STAT362 Probability and Inference 2
| Second Semester |
This course continues the theoretical development begun in STAT 261. The tools developed by statisticians for analysing data have become a major factor in the advancement of scientific knowledge. Why are these tools so useful? The reason is that they are based on an agreed system of mathematical and statistical reasoning. In order to be confident that the methods used by a statistician are reliable we need an understanding of this theory.
Paper details
In STAT362 we will use some of the skills that you developed in STAT 261 and begin to apply them to important statistical problems. In particular we will start to look at the theoretical basis for the linear models developed in STAT 241, STAT 341 and time series models developed in STAT 352. We will also consider in more detail the theory behind hypothesis testing and estimation, including Bayesian methods.
Much of statistical analysis involves postulating a model for observed data, fitting the model to data and selecting between models, and finally making inference based on the chosen model. The first part of the course will look at matrix methods for the general linear model, an important class of models that is used in regression analysis and ANOVA. It will look at likelihood-based model inference, and conclude with Bayesian methods.
Potential students
All students majoring in Statistics under the Statistics Theme must take this paper. It is strongly recommended for all statistic students. STAT 261 and STAT 362 should also be considered by students with a strong mathematics background interested in a career in scientific research.
Main topics
- The general linear model
- The likelihood function
- Bayesian inference
- Maximum likelihood estimation
- Hypothesis testing using the likelihood function
- Model selection using the likelihood function
Prerequisites
STAT 261, MATH 160, MATH 170
Required text
A full set of lecture notes is provided.
Useful references
Mathematical Statistics with Applications by Wackerly, Mendenhall and Scheaffer.
An Introduction to Mathematical Statistics and its Applications by Larsen and Marx
Lecturers
Matthew Schofield, room 237
Lectures
3 lectures per week Tuesday, Thursday and Friday at 10am in room 241.
Tutorials
Wednesday 3pm-5pm every week
Internal Assessment
The internal assessment is made up of two parts:
- 3/8 = 37.5% from 6 exercises. Assignments are to be word processed using LaTeX.
- 5/8 = 62.5% from a mid-term test
Exam format
A three-hour exam with 6 questions worth an equal number of marks. All topics are examined.
Final mark
Your final mark F in the paper will be calculated according to this formula:
F = max(E, 0.6E + 0.15A + 0.25T)
where:
- E is the Exam mark
- A is the Assignments mark
- T is the Tests mark
and all quantities are expressed as percentages.
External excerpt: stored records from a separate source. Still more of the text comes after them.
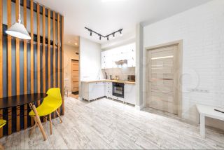 Квартира выполнена в дизайнерском стиле, который порадует самого взыскательного покупателя. Уютная кухня площадью 9 кв. м. станет отличным местом для семейных ужинов или встреч с друзьями. Просторная комната с окнами, выходящими во двор, обеспечит тишину и спокойствие. В квартире есть совмещенный санузел с современной сантехникой.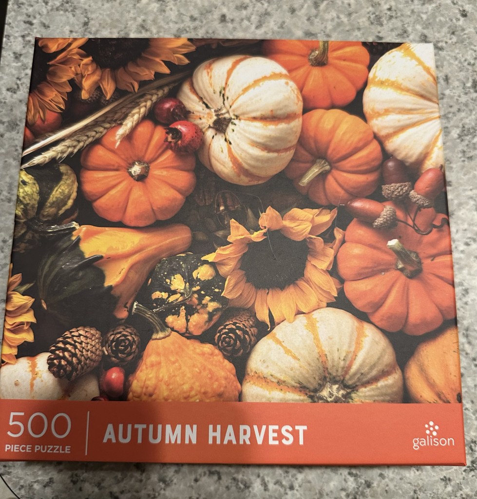 We always take a jigsaw puzzle to work. My sister Sandy and I love these. We bought two at T.J. Maxx on our way in and we picked this one to start with. It was a nice autumn scene.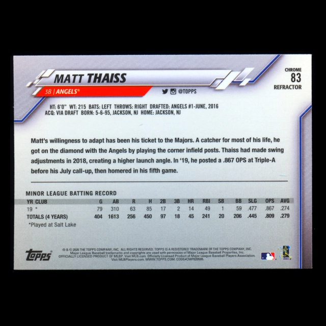 Matt Thaiss RC 2020 Topps Chrome Sepia Refractors Rookie Angels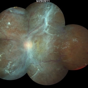 Fundus photo shows classic 'tomato-ketchup' red appearance of diffuse hemangioma. Due to chronic SRF , there is subretinal fibrosis.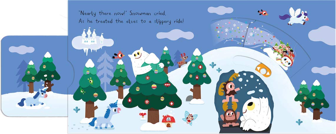 A first novelty Christmas board book about a magical snowman, with push, pull and turn mechanisms.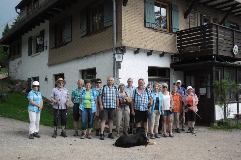 Hier, oberhalb des Kirnbachtals, werden schon seit vielen Jahren Gäste verköstigt und beherbergt, früher in Eigenregie von den Naturfreunden Schramberg, heute von einer munteren Pächterfamilie. Auch die Entersbacher Wanderer genossen auf der neu angelegten Terrasse die gute Verpflegung bei schöner Aussicht und einem erfrischenden Lüftchen.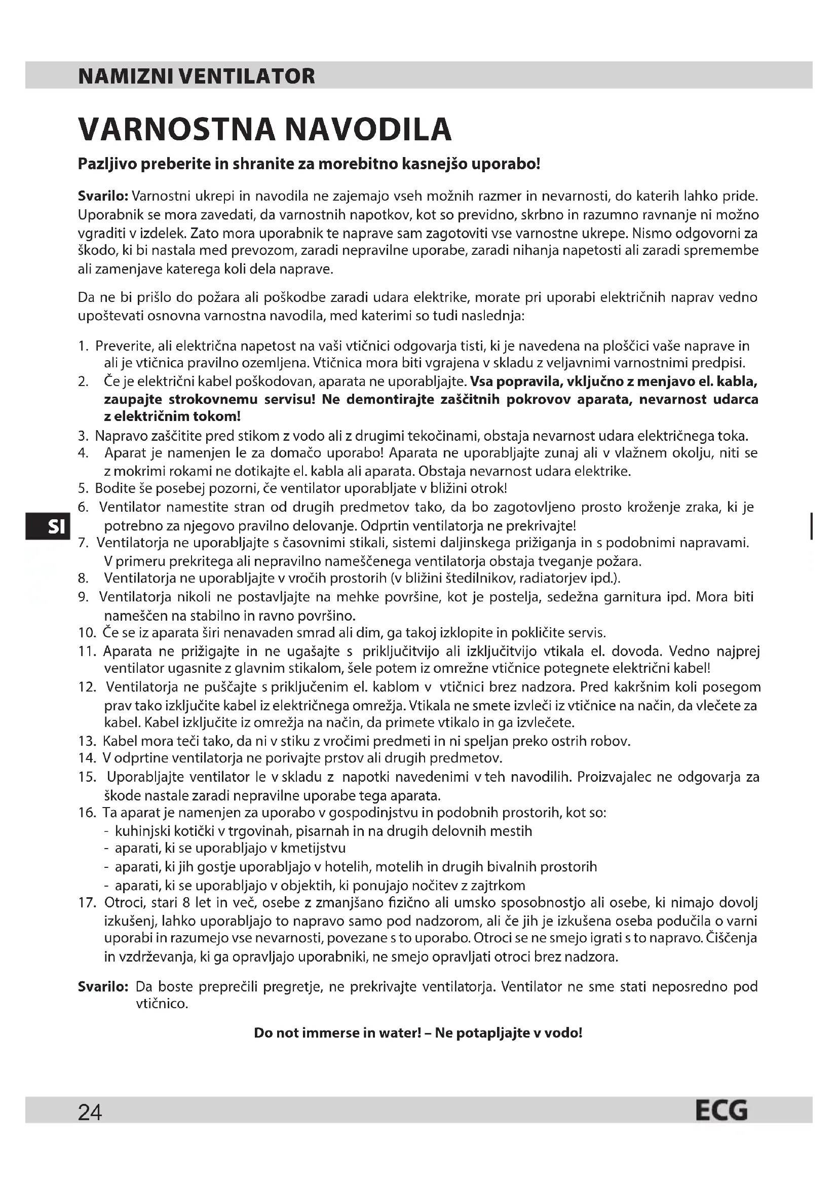 izkušenj, lahko uporabljajo to napravo samo pod nadzorom, ali če jih je izkušena oseba podučila ovarni uporabi in razumejo vse nevarnosti, povezane sto uporabo. Otroci se ne smejo igrati sto napravo. Čiščenja in vzdrževanja, ki ga opravljajo uporabniki, ne smejo opravljati otroci brez nadzora. Svarilo: Da boste preprečili pregretje, ne prekrivajte ventilatorja. Ventilator ne sme stati neposredno pod vtičnico. Do not immerse in water! – Ne potapljajte vvodo!SI
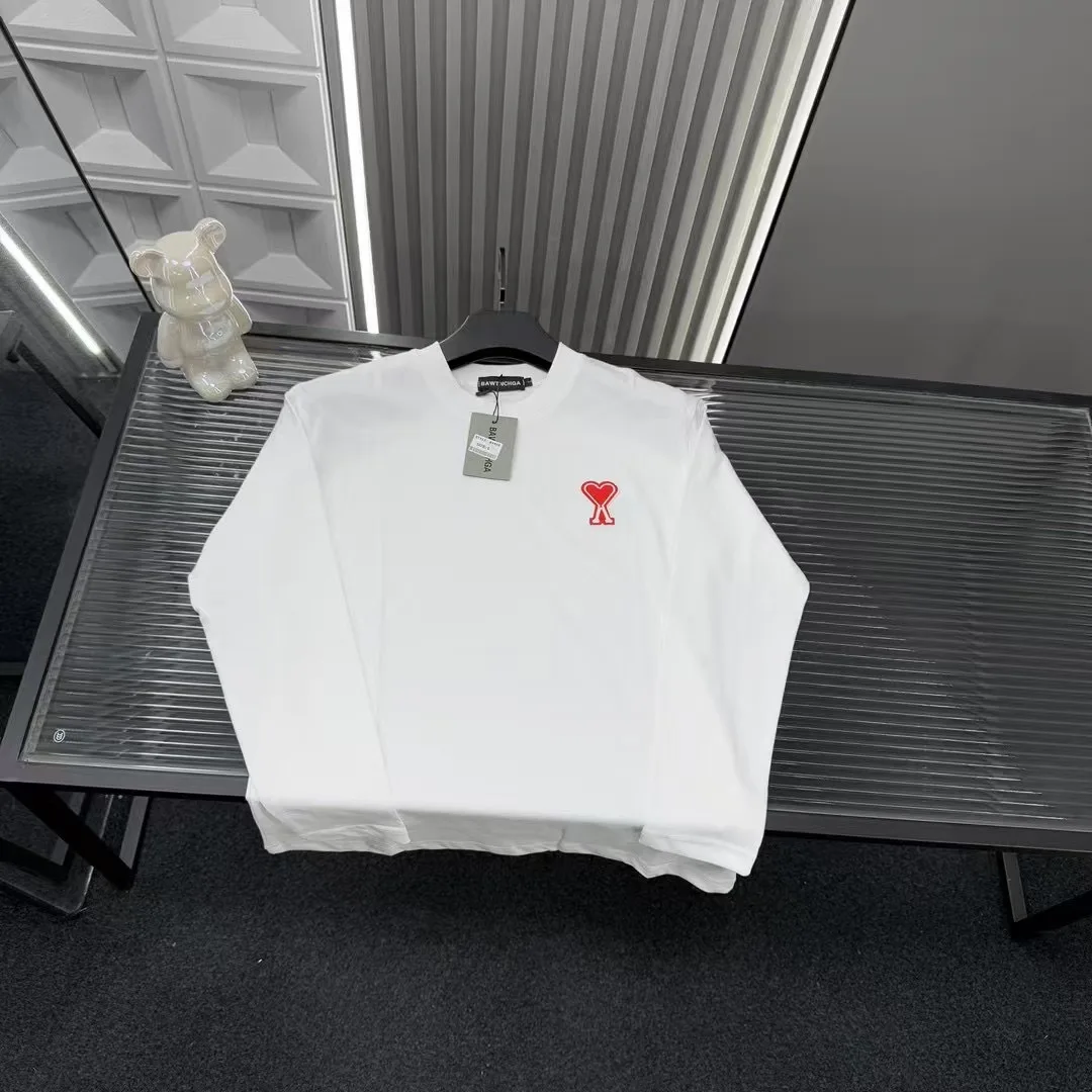 Empfohlen für den Frühherbst: Das langärmlige Amiri-Basisshirt mit Herzstickerei aus der Balenciaga-Kollaboration. Alle drei Labels sind identisch mit der offiziellen Website. Zoomen Sie hinein, um Details zu sehen. Foto mit der Originalkamera aufgenommen.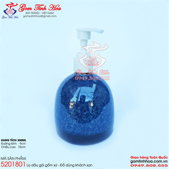 www.gomtinhhoa.com.vn - Lọ đựng dầu gội bằng gốm sứ men hỏa biến gốm sứ Bát Tràng cao cấp. Giá bán lọ đựng dầu gội bằng gốm sứ, giá bán lọ đựng xà phòng bằng gốm sứ, giá bán lọ đựng sữa tắm bằng gốm sứ, giá bán lọ đựng nước rửa tay bằng gốm sứ... niêm yết tại website Công ty Bát Tràng Gốm Tinh Hoa. Đặt sản xuất đồ dùng phòng tắm, đồ dùng khách sạn; mua sỉ lẻ sản phẩm Gốm Tinh Hoa Bát Tràng Online ship COD Toàn quốc liên hệ Hotline/ Zalo 0949808555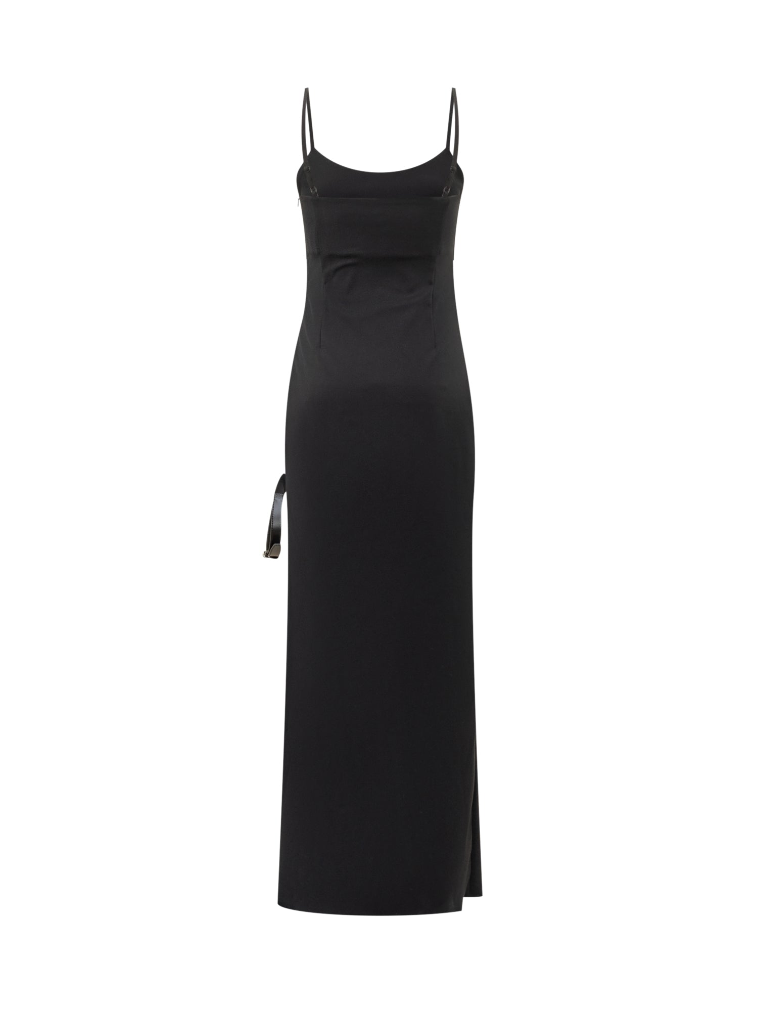 Coperni long black dress, minimal and sophisticated, featuring thin straps and a straight silhouette. Side strap detail adds a modern and sensual touch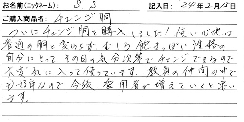 ついにチェンジ胴を購入しました!使い心地は普通の胴と変わらず、むしろ飽きっぽい性格の自分にとって、その日の気分次第でチェンジできるので大変気に入って使っています。教員の仲間の中でも好評なので、今後愛用者が増えていくと思います。

Students must abide by the University’s Academic Integrity Policy
Academic endeavours at the University of Otago are built upon an essential commitment to academic integrity.
The two most common forms of academic misconduct are plagiarism and unauthorised collaboration.
Academic misconduct: Plagiarism
Plagiarism is defined as:
- Copying or paraphrasing another person’s work and presenting it as your own.
- Being party to someone else’s plagiarism by letting them copy your work or helping them to copy the work of someone else without acknowledgement.
- Using your own work in another situation, such as for the assessment of a different paper or program, without indicating the source.
- Plagiarism can be unintentional or intentional. Even if it is unintentional, it is still considered to be plagiarism.
All students have a responsibility to be aware of acceptable academic practice in relation to the use of material prepared by others and are expected to take all steps reasonably necessary to ensure no breach of acceptable academic practice occurs. You should also be aware that plagiarism is easy to detect and the University has policies in place to deal with it.
Academic misconduct: Unauthorised Collaboration
Unauthorised Collaboration occurs when you work with, or share work with, others on an assessment which is designed as a task for individuals and in which individual answers are required. This form does not include assessment tasks where students are required or permitted to present their results as collaborative work. Nor does it preclude collaborative effort in research or study for assignments, tests or examinations; but unless it is explicitly stated otherwise, each student’s answers should be in their own words. If you are not sure if collaboration is allowed, check with your lecturer.
Thomas Bayes, 1702-1761, who followed his father into the Ministry in England. He was intensely interested in mathematics at a time when calculus was in its infancy. His theory of probability was published in Essay towards solving a problem in the doctrine of chances by the Royal Society of London in 1764 — three years after his death, being submitted by a friend who recognised its value.
Sir Ronald Aylmer Fisher
(1890-1962) ...is considered one of the founders of modern statistics because of his many important contributions. He studied the design of experiments by introducing the concept of randomisation and the analysis of variance, procedures now used throughout the world.
In 1921 he introduced the concept of likelihood. The likelihood of a parameter is proportional to the probability of the data and it gives a function which usually has a single maximum value, which he called the maximum likelihood.
In 1922 he identified three fundamental problems of statistics:
The contributions Fisher made included the development of methods suitable for small samples, the discovery of the precise distributions of many sample statistics and the invention of analysis of variance. He introduced the term maximum likelihood and studied hypothesis testing.